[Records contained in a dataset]
%%

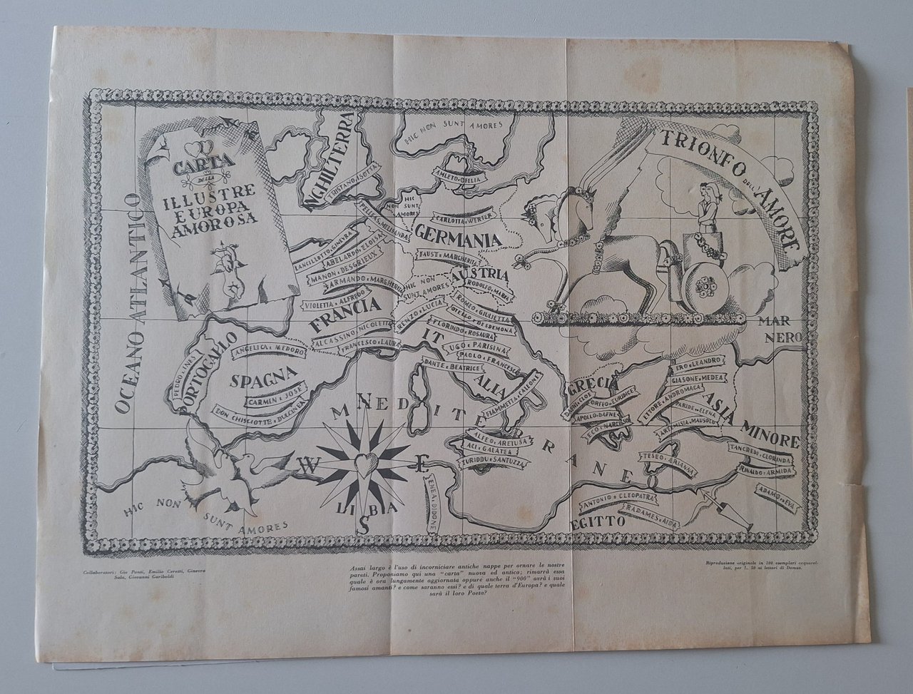 GIO PONTI GIOVANNI GARIBOLDI CARTA DELLA ILLUSTRE EUROPA AMOROSA DOMUS 1930
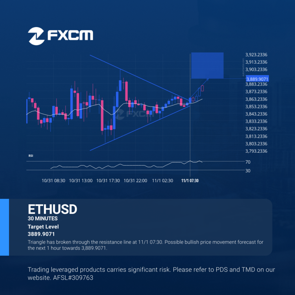 Triangle has broken through the resistance line at 11/1 07:30. Possible bullish price movement forecast for the next 1 hour towards 3,889.9071. Past performance is not an indicator of future results. Trading leveraged products carries significant risk. Please refer to PDS and TMD on our website. AFSL#309763
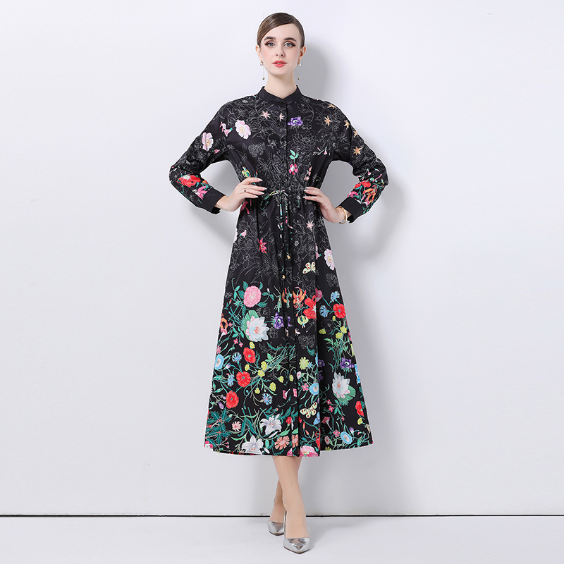 FA47009# -欧美时尚百搭开衫长衬衣定位印花连衣裙配丝巾 服裝批發女裝批發服飾貨源
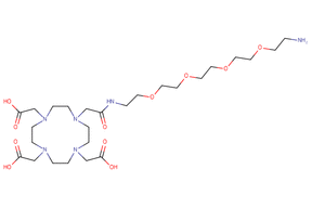 DOTA bifucational chelator containing an amine group, a PEG linker, and the macrocyclic chelator DOTA ( 1,4,7,10-tetraazacyclododecane-1,4,7,10-tetraacetic acid). It can be used in many different diagnostic and therapeutic applications, such as MRI contrast agents, PET and SPECT imaging agents, and radiotherapeutic agents.
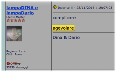 Inserito il - 29/11/2016 : 16:27:47  Mostra Profilo  Visita l'Homepage di lampaDINA e lampaDario Invia a lampaDINA e lampaDario un Messaggio Privato  Rispondi Quotando
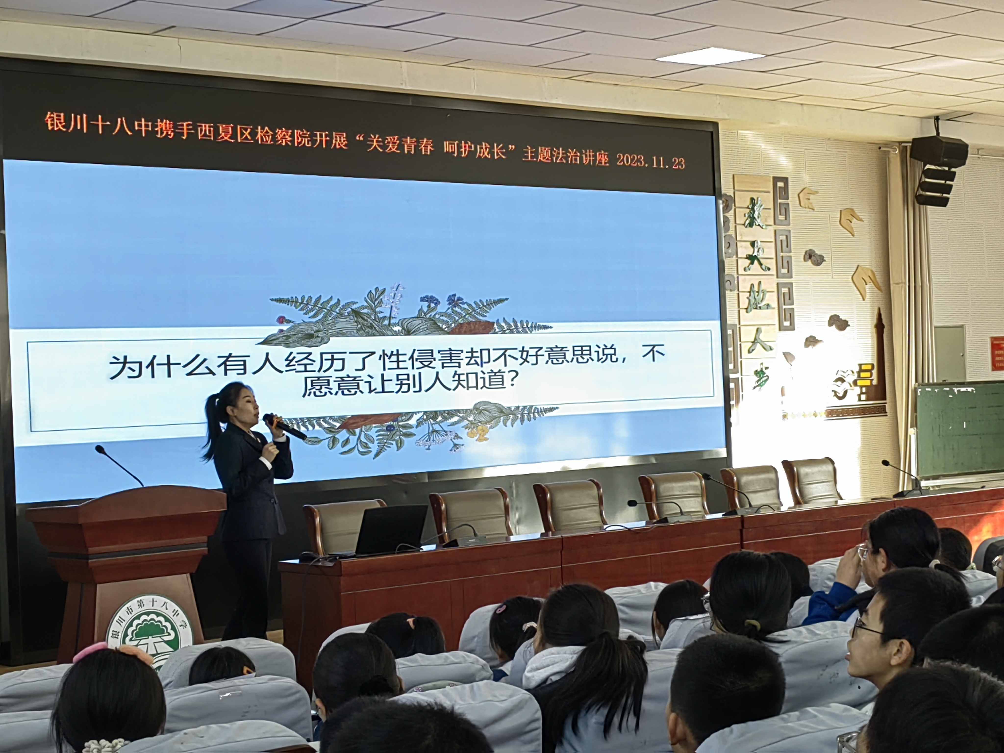 在第十个国家宪法日来临之际,为营造浓厚的工作氛围和强大的舆论声势,进一步增强全体师生的安全法治意识,加强未成年人的自我防范和自我保护能力,打造平安和谐美好校园,11月23日,银川十八中携手西夏区检察院,开展“关爱青春 呵护成长”为主题的法治讲座。学校德育副校长袁峰同志和八年级班主任及学生共计300多人参加了本次活动。
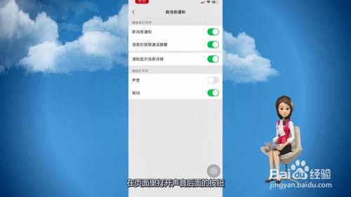 4、在页面里打开声音后面的按钮。

%%

» How to complete this task: From the first line to the last, please copy the data exactly, with the pictures left out.

» Solution for this exercise:
 GIO PONTI GIOVANNI GARIBOLDI CARTA DELLA ILLUSTRE EUROPA AMOROSA DOMUS 1930
 Triangle has broken through the resistance line at 11/1 07:30. Possible bullish price movement forecast for the next 1 hour towards 3,889.9071. Past performance is not an indicator of future results. Trading leveraged products carries significant risk. Please refer to PDS and TMD on our website. AFSL#309763
 FA47009# -欧美时尚百搭开衫长衬衣定位印花连衣裙配丝巾 服裝批發女裝批發服飾貨源
 DOTA bifucational chelator containing an amine group, a PEG linker, and the macrocyclic chelator DOTA ( 1,4,7,10-tetraazacyclododecane-1,4,7,10-tetraacetic acid). It can be used in many different diagnostic and therapeutic applications, such as MRI contrast agents, PET and SPECT imaging agents, and radiotherapeutic agents.
 Inserito il - 29/11/2016 : 16:27:47  Mostra Profilo  Visita l'Homepage di lampaDINA e lampaDario Invia a lampaDINA e lampaDario un Messaggio Privato  Rispondi Quotando
 在第十个国家宪法日来临之际,为营造浓厚的工作氛围和强大的舆论声势,进一步增强全体师生的安全法治意识,加强未成年人的自我防范和自我保护能力,打造平安和谐美好校园,11月23日,银川十八中携手西夏区检察院,开展“关爱青春 呵护成长”为主题的法治讲座。学校德育副校长袁峰同志和八年级班主任及学生共计300多人参加了本次活动。
 4、在页面里打开声音后面的按钮。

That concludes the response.